Leonardo Egúrbida, gran maestro de la guitarra clásica.
Esa irreductible compenetración entre las manos y la guitarra crea una especie de aprecio, casi maniático, por el buen sonido del instrumento y su capacidad para el virtuosismo. Es proverbial cómo los guitarristas siempre buscan enmendar o corregir, en medio de un concierto o recital, la afinación del instrumento. El maestro Egúrbida no sólo fue un gran guitarrista clásico –su búsqueda de la afinación perfecta y la ejecución precisa pude comprobarla en tantas ocasiones en que acompañó a mi esposa, la mezzo-soprano Ilca López– sino que también comprobé su afición a la tradición de grandes “requintos” puertorriqueños, como Miguelito Alcaide, otros grandes guitarristas de la época dorada de los tríos de boleros en que él y yo nos criamos. Egúrbida me sorprendió con el aprecio de esa música en una “bohemia” celebrada en su casa, donde tuve el privilegio de escucharlo tocando música popular junto a los virtuosos Iván Rijos y Carlos Barbosa Lima.
Como todo instrumento musical, la guitarra promueve filosofías de ejecución, se entablan campos adversativos con sus respectivos partidarios. La guitarra requiere atención máxima del público. Uno de las limitaciones de la guitarra es su proyección sonora, de ahí el esfuerzo por fabricar el instrumento perfecto para crear, con suficiente intensidad, sus múltiples valores musicales a partir de las notas. Es un instrumento de sonido frágil y delicado. Andrés Segovia sabía esto, jamás abandonó la pureza del sonido clásico de la guitarra, que por definición es pequeño. En el velorio, Iván Rijos me asegura que idealmente tocaría para doscientas o trescientas personas, porque más allá de eso sólo él puede disfrutar las sutilezas de su propio instrumento. Hay algo de ensimismamiento en los grandes guitarristas. El sonido de Narciso Yépes, los instrumentos y cuerdas que favorecía, sí aumentarían la proyección sonora, pero el beneficio acústico posiblemente se pagaría cuando la mayor riqueza de “armónicos” –la durabilidad de las vibraciones en el aire–afectara la nitidez y belleza del sonido. Escuchar a Rijos explicar esto mitigaba un poco la tristeza de perder al amigo. Más adelante en el sepelio, Rijos explicaría el ideal del maestro Egúrbida: El ideal era tocar “bonito”, es decir, con precisión, belleza y emoción. Es fácil advertir que ambos grandes guitarristas, Egúrbida y Rijos, maestro y discípulo, siempre pertenecerían a la escuela de Segovia.

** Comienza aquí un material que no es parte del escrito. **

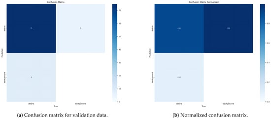 Another important aspect concerns image degradation under realistic space conditions, such as haze, glare, or motion blur, which can impair detection accuracy. Future work will explore the integration of image enhancement and dehazing techniques, including contrast adjustment and restoration-based methods, to preprocess raw sensor inputs. This preprocessing step could mitigate visual distortions and provide clearer inputs for the detection model, thereby improving recognition reliability under degraded visual conditions.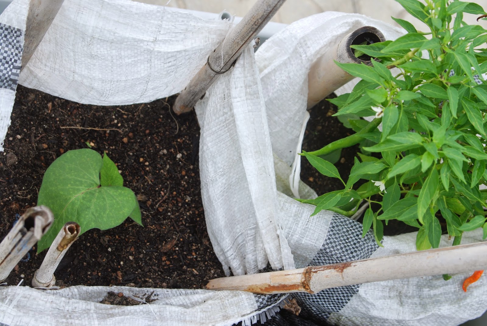 | このゴーヤを植えた土嚢袋の周りは水がいっぱい。 この感じだと、もし来週1週間天気続きでも水不足にはならないだろう。 |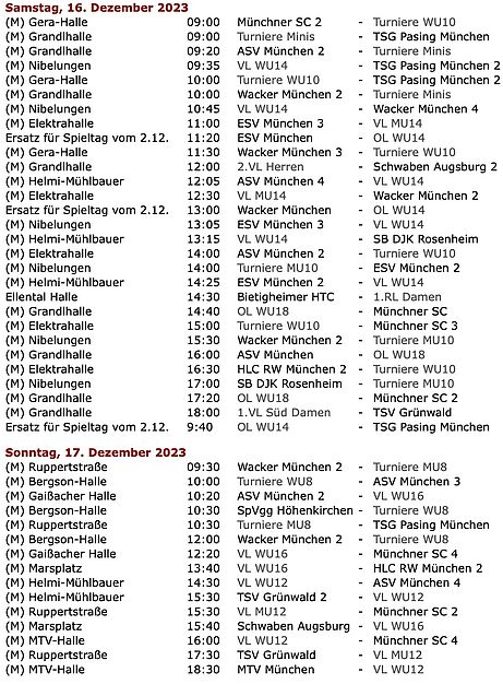 Unsere Jugendmannschaften sind wieder in den Münchner Hallen zu finden. Hier der gesamte Spielplan

En el acto de recordación, celebrado en el teatro del Conservatorio de Música, el virtuoso cuatrista Orlando Laureano interpretó la transcripción del concierto en la menor de Bach en un cuatro fabricado por el maestro Ladí. Fue una epifanía musical escuchar cómo el barroco de Bach un poco fue restituido, mediante el timbre metálico del cuatro, a sus orígenes en el clavecín. El memorioso cruce de ese contrapunteo de voces que es el barroco europeo con las ingenuas resonancias campesinas que el Monge cuatrista llevaba en parranda a mi casa, llegó a emocionarme.
Ilca López interpretó, acompañada por el guitarrista Alberto Rodríguez, el Cantar Marinero de Egúrbida, ello con una emoción casi imposible de sobrellevar y que hizo todavía más palpable su gran musicalidad como cantante. El maestro Egúrbida la compuso especialmente para su voz; con letra de Julia de Burgos, esta canción de arte vino a resumir lo más noble de nuestra vocación poética, musical y artística.
La muerte siempre asombra, a veces sorprende; cuando es serena ennoblece sus alrededores. Quizás sea la música el más preciado consuelo otorgado a nuestra mortalidad.